Introduction

This laboratory introduces you to the touchscreen/video panel on the RC200E. The project is to draw the ASCII codes for characters typed on the keyboard as graphical seven-segment displays on the screen. The following image gives an idea of what your output might look like after typing the character 'a'. Your colors may vary, and the lozenge shape for the individual segments is optional: simple rectangles will suffice!

screen image showing seven segment
          displays

There are several ways of generating video images on the screen, but this lab investigates just one of them.
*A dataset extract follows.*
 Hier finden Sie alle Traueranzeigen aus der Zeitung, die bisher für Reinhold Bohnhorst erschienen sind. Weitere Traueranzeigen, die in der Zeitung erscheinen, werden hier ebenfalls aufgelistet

And it’s a technique that will require you to design code that will be radically different from a software solution to the problem.

Procedure

  1. Configure a new project for both Debug and EDIF design flows.

    Start DK, and re-open the workspace you created in Laboratory I. Create a new project in that workspace named Keybd2Video. Be sure you select Xilinx Virtex II Chip as the project type.
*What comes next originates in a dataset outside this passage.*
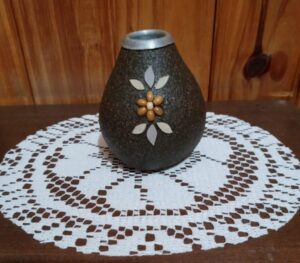 Materiales: Mate de calabaza, arpillera, gemas de bijouterie, hojitas de gamuza, pasamanería de yute, adhesivo de doble contacto, pié de acero inoxidable.
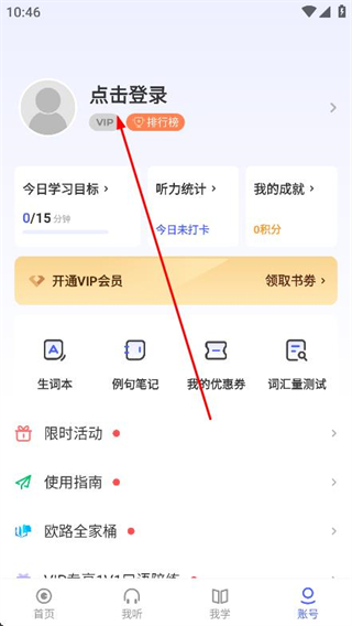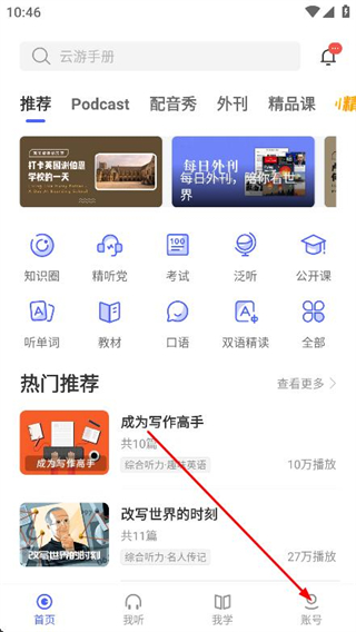 1、打開每日英語聽力,點擊底部導(dǎo)航欄中的賬號選項。

    Delete all the configurations for this project except Debug and EDIF.

    Set the Debug Configuration options.

    Use the same settings, including libraries, as you used for Laboratory II

  2. Write a first version of the program and simulate it.

    Use the program from Laboratory 2 as a model, and look up the documentation on PalVideoOut in the PAL Reference Manual. The macros you will need are PalVideoOutGetX(), PalVideoOutGetY(), and PalVideoOutWrite(). You will also need to initialize the VideoOut system in the usual way:

    par { PalVideoOutRun(PalVideoOutOptimalCT(ClockRate), ClockRate); seq { PalVideoOutEnable(PalVideoOutOptimalCT(ClockRate)); while (1) { PalVideoOutWrite(PalVideoOutOptimalCT(ClockRate), pixel); } } }
    Notes

    (1) The PAL Reference Manual erroneously omits the second argument to PalVideoOutRun. (2) You can save some typing by defining a macro expr for PalVideOutOptimalCT(ClockRate).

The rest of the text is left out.